◆ PROBLEM TO WORK ON
In the listing below, find the line containing "Posteriormente inició los" and the line containing "学年レク 雪上リレー スノーフラッグ レクのころには快晴に". Repeat exactly those two lines and every line between them, nothing more.

◆ THE RECORDS

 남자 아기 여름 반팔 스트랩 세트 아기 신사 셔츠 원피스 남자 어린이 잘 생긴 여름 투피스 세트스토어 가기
==
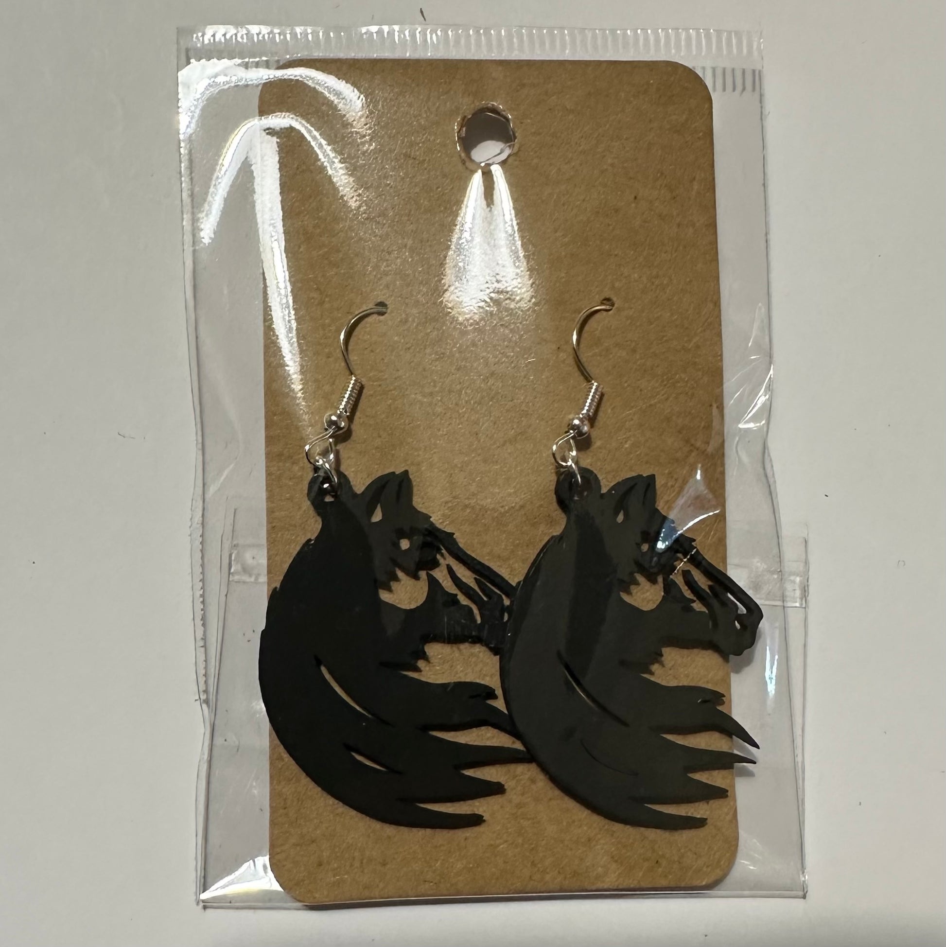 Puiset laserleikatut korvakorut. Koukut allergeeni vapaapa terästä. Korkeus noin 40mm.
...
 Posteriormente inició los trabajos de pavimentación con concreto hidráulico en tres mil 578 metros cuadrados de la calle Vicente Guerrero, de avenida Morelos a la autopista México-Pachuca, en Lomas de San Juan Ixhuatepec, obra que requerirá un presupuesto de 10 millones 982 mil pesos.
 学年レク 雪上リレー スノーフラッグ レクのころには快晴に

◆ ANSWER TO THIS EXERCISE
 Posteriormente inició los trabajos de pavimentación con concreto hidráulico en tres mil 578 metros cuadrados de la calle Vicente Guerrero, de avenida Morelos a la autopista México-Pachuca, en Lomas de San Juan Ixhuatepec, obra que requerirá un presupuesto de 10 millones 982 mil pesos.
 学年レク 雪上リレー スノーフラッグ レクのころには快晴に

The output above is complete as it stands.